**Information provided**
━━━━━━━━━━━━━━━━━━━━

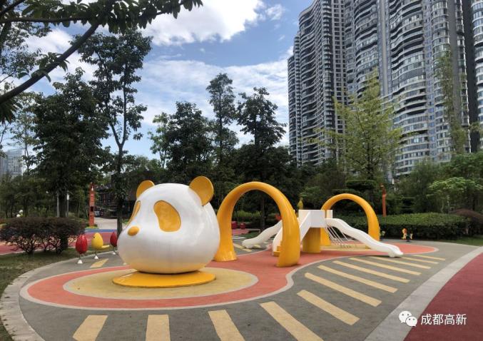 在江滩公园科华南路入口,设有由钢琴步道、熊猫滑梯组成的儿童游乐区,占地面积约200m⊃2;,融入“大熊猫”文化元素,利用色彩童趣构建儿童专属游乐场。
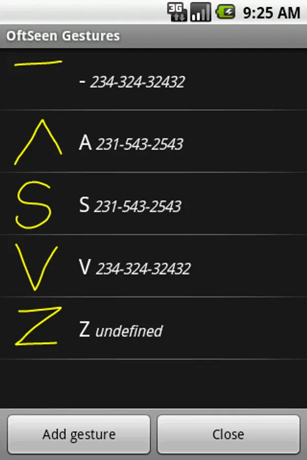 OftSeen Gestures lets you speed-dial by drawing a gesture. Create your own gestures and assign numbers to them. Place an icon on your desktop for fast calling of phone numbers.
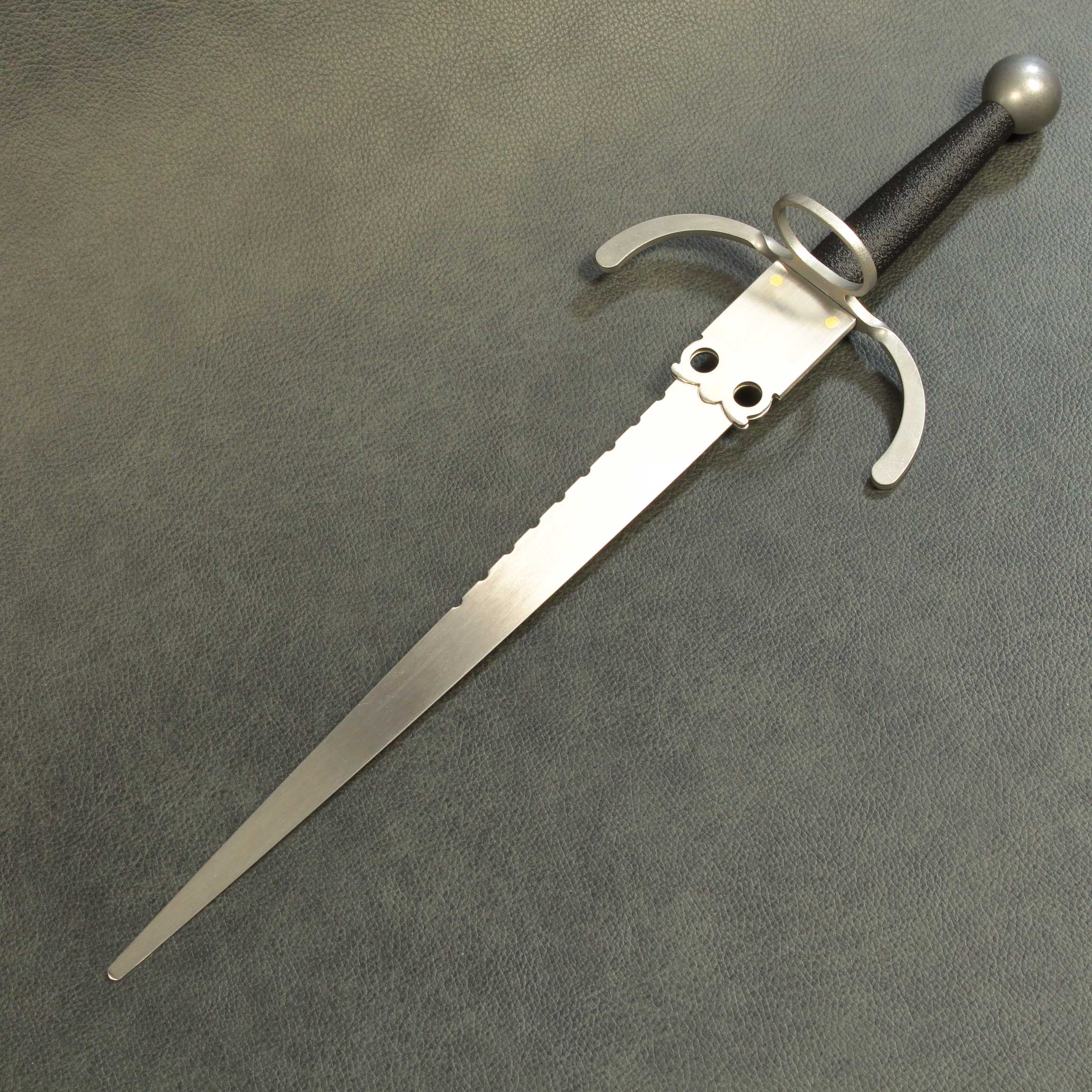 This Economy dagger features our Economy Single Ring dagger guard with curved quillons, Economy Dagger blade @ 12″ or 16″ or our Economy Main Gauche blade @ 16″,  black PLA handle, and small ball pommel.
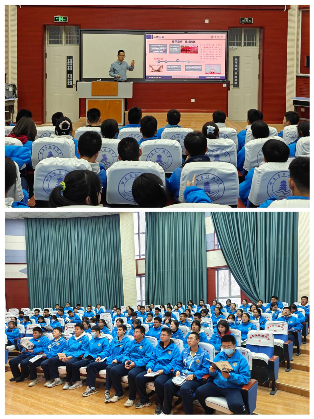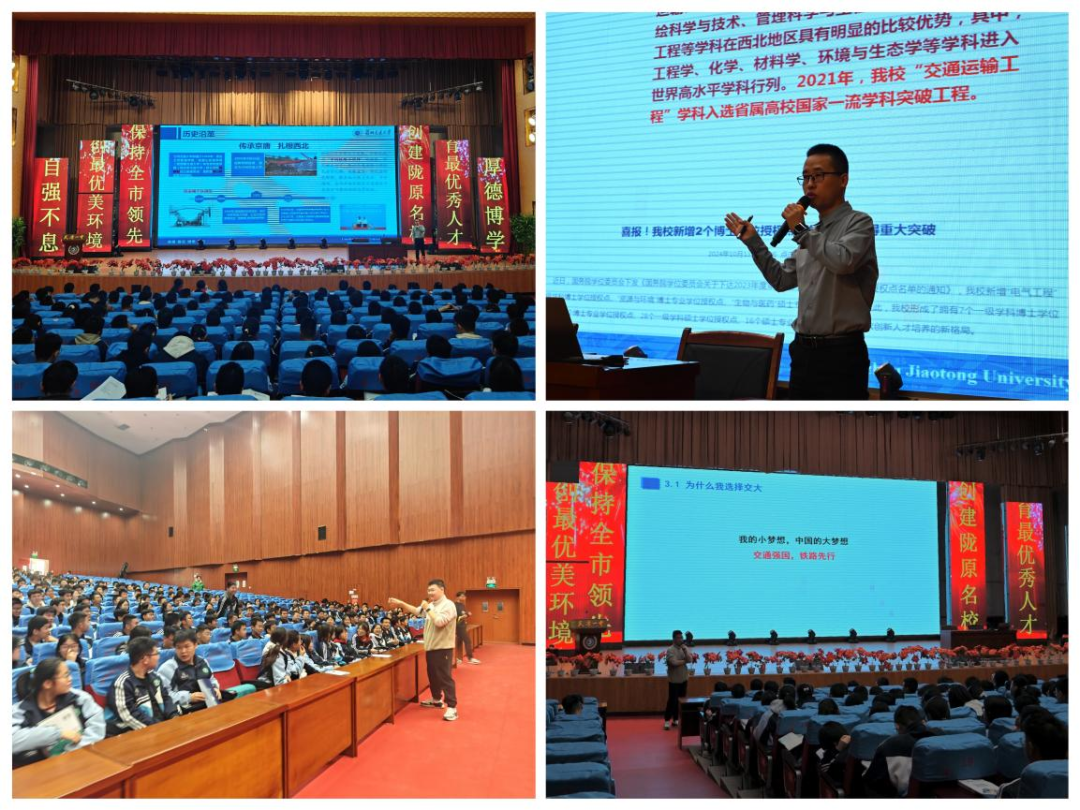 招生宣传工作组主动对接当地教育局、联系中学等部门,积极开展宣讲会与座谈走访工作,就我校基本情况、专业设置、生源选拔及就业情况等方面进行了解读宣讲。在宣讲过程中,机电工程学院辅导员吴东亮围绕兰州交通大学的历史使命与发展蓝图、人才培养与办学特色、专业学习与校园环境、就业情况等做了详细介绍,并就新高考模式下,学生的选科要求、志愿填报等做了说明,鼓励广大学子刻苦学习,积极报考兰州交通大学。学院优秀学生代表国家奖学金获得者胡瀚文结合自身学习和成长历程,从学习经验、实践经历、校园经历和科研经历等方面向同学们分享了丰富多彩的大学生活,生动地介绍了兰州交通大学的人才培养方案、专业特色优势以及丰富多彩的校园文化活动等,让在场的学生对大学生活有了更直观的了解,唤醒了同学们对于大学生活的憧憬与渴望。

━━━━━━━━━━━━━━━━━━━━

**Exercise**
Reproduce exactly the lines from the beginning of the material down to the line containing "This Economy dagger", both ends included, but not the pictures or anything after.

**Answer section**
 在江滩公园科华南路入口,设有由钢琴步道、熊猫滑梯组成的儿童游乐区,占地面积约200m⊃2;,融入“大熊猫”文化元素,利用色彩童趣构建儿童专属游乐场。
 OftSeen Gestures lets you speed-dial by drawing a gesture. Create your own gestures and assign numbers to them. Place an icon on your desktop for fast calling of phone numbers.
 This Economy dagger features our Economy Single Ring dagger guard with curved quillons, Economy Dagger blade @ 12″ or 16″ or our Economy Main Gauche blade @ 16″,  black PLA handle, and small ball pommel.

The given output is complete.